On Monday, May 13, 2019, the US Court of Appeals for the Fifth Circuit upheld a district court’s decision that dismissed the plaintiff/construction contractor’s federal lawsuit against its builder’s risk insurers in favor of arbitration. In McDonnel Group, L.L.C. v. Great Lakes Ins. SE, UK Branch, C.A. No. 18-30817 (5th Cir. May 13, 2019), the contractor obtained a builder’s risk policy from U.K. insurers for a construction project in New Orleans, Louisiana. The policy contained an express agreement to arbitration any disputes that arose under the policy. The contractor made a claim under the policy which was denied by the insurers. This prompted the contractor to file a lawsuit for breach of contract and bad faith in federal court. The contractor disregarded the arbitration agreement in the policy, and instead, relied on Louisiana law that bars arbitration agreements in insurance policies1 because the policy also contained a “conformity to statute” provision. That provision of the policy states: “In the event any terms of this Policy are in conflict with the statutes of the jurisdiction where the Insured Property is located, such terms are amended to conform to such statutes.”

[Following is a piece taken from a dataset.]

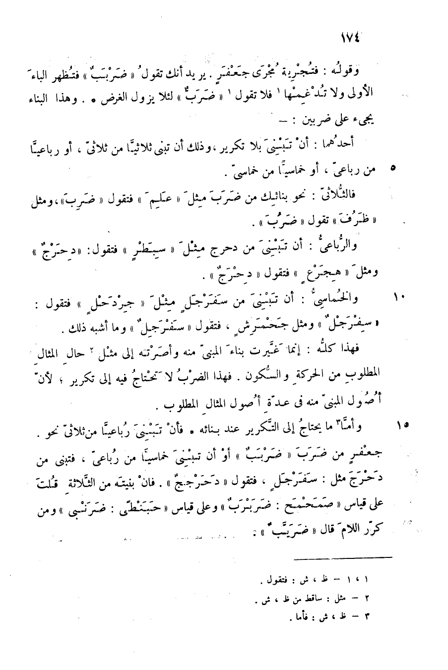 وأما3 ما يحتاج إلى التكرير عند بنائه, فأن تبني رباعيا من ثلاثي نحو: جعفر من ضرب "ضَرْبَب", أو أن تبني خماسيا من رباعي، فتبني من دحرج مثل: سفرجل, فتقول: "دَحَرْجَج". فإن بنيتَهُ من الثلاثة قلت على قياس "صَمَحْمَح: ضَرَبْرَب", وعلى قياس "حَبَنْطى: ضَرَنْبى" ومن كرر اللام قال: "ضربب".

However, because the builder’s risk policy at issue was an international agreement, the insurers moved to dismiss on the basis that the Convention on the Recognition and Enforcement of Foreign Arbitral Awards (the “Convention”), as implemented through the Federal Arbitration Act2 (FAA), preempted the conflicting Louisiana law barring such arbitration agreements. Not so fast, said the contractor and pointed the Court to the McCarran-Ferguson Act3, which was enacted by the U.S. Congress to protect states’ insurance regulations from unintended federal interference. An en banc panel of the Fifth Circuit had previously addressed whether the McCarran-Ferguson Act allowed Louisiana law to reverse-preempt the preemptive effect of the Convention and found that it did not. That ruling, in Safety Nat’l Cas. Corp. v. Certain Underwriters at Lloyd’s, 587 F.3d 714 (5th Cir. 2009), was based on the fact that the McCarran-Ferguson Act disallowed “Acts of Congress” to conflict with state insurance law. The Convention, the Safety National Court ruled, was not an Act of Congress but was treaty and remained so, notwithstanding its implementation through the FAA.
In a valiant but failed attempt to escape Safety National, the contractor argued that its policy and case were distinguishable due the “conformity to statue” provision. As a result, the contractor argued, the arbitration agreement contained in the policy was amended out of the policy ab initio. The Court didn’t buy it. Instead, the Court reasoned that the “conformity to statue” provision only applies if there is a conflict. Since the Louisiana anti-arbitration statute was preempted by the Convention, there was no conflict that would trigger the “conformity to statue” provision.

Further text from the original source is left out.